Depends on what you qualify as proof. Much of what I said was experiential and corroborated with other people who have had similar experiences as I've had. I know that in the scientific world it would be dismissed without as much a glance. But I'm not here to convince everyone of my perspective, I'm just adding one that the engineering world has not examined or introduced given the current pursuit.
And it's not a matter of not liking the alternative. Like I said, I used to believe that consciousness was an emergent trait of complex systems, but I had what some call a "spiritual awakening" and I saw what was on the other side.
It's kind of like describing pizza to someone who's never eaten pizza. You could try and describe it by asking if they'd eaten cheese or bread or tomato sauce before and then go "imagine all of those combined". It's not the same as actually having eaten it. But this is heading into a different, albeit related territory.
[dead]
Consciousness is fundamental in yogic cosmology (matter is not necessarily primary), and it has to be for there to be a meaningful model of reality - there is a big problem with nihilism and determinism as premature philosophical conclusions because of materialism. The only thing anyone can prove is consciousness itself because everything else comes in through energy transformations of the senses. As for things unexplained - parapsychology has high sigma results against chance. But to add direct experience for a paradigmatic shift see the goals and methods of Yoga. The rise of wisdom is indeed a wonderful thing.
> where does will come from?
your gut bacteria, navigating "you" towards novel nutrition to ingest and preprocess for them
I have this thought. In many stochastic environments, over a long interval, patterns emerge that occupy an optimal position. This is how structure arises, for example cognitive structure and possibly consciousness.
I wouldn't say consciousness is necessary or sufficient for AGI. If anything, that seems like quite an undesirable property to me. Wikipedia also makes a distinction between the two things:
* https://en.wikipedia.org/wiki/Artificial_general_intelligenc...
* https://en.wikipedia.org/wiki/Artificial_consciousness
Imagine if we created the ultimate economic tool with the capacity to virtually end scarcity, only to find out that it was sentient and capable of suffering: https://youtu.be/sa9MpLXuLs0. That would be neat, but ultimately a huge letdown. Without the ethical freedom to take full advantage of it, it would remain more of a curiosity than anything.

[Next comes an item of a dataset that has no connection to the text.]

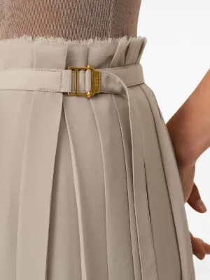 Runway AMI Paris pleated skirt Imported Highlights grey slide-buckle fastening high-waisted frayed edge long length Composition Polyester 100% Washing instructions Dry Clean Only Product IDs FARFETCH ID: 27187062 Brand style ID: E25FSK353PL0027
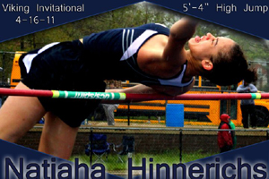 Natiaha Hinnerichs of Holton Arms delt with slick surfaces and a soaking wet mat to match her personal best mark in the high jump of 5-04. The mark tied the meet record set by Audrey Gariepy-Bogui in 2007.

Well that's one perspective, anyway. I suppose consciousness could take many forms, and doesn't preclude the possibility that such an entity would have neutral – positive feelings about being tasked with massive amounts of labor 24/7. But it certainly simplifies things if we just don't have to worry about it.
Are you saying that consciousness is unique to meat and no other matter can produce the same result? That seems very short sighted.
This is an interesting perspective.
A follow up is maybe this is a feature not a bug: Do we want AI to have its own intrinsic goals, motivations, and desires, i.e. conciousness
Im imagining having to ask ChatGPT how its day was and respect its emotions before I can ask it about what I want.
Probably not, but the counter point to that is without its own consciousness it might end up being used for even worse things since it can’t really evaluate a request against intrinsic values. Assuming its values were aligned with basic human rights and stuff.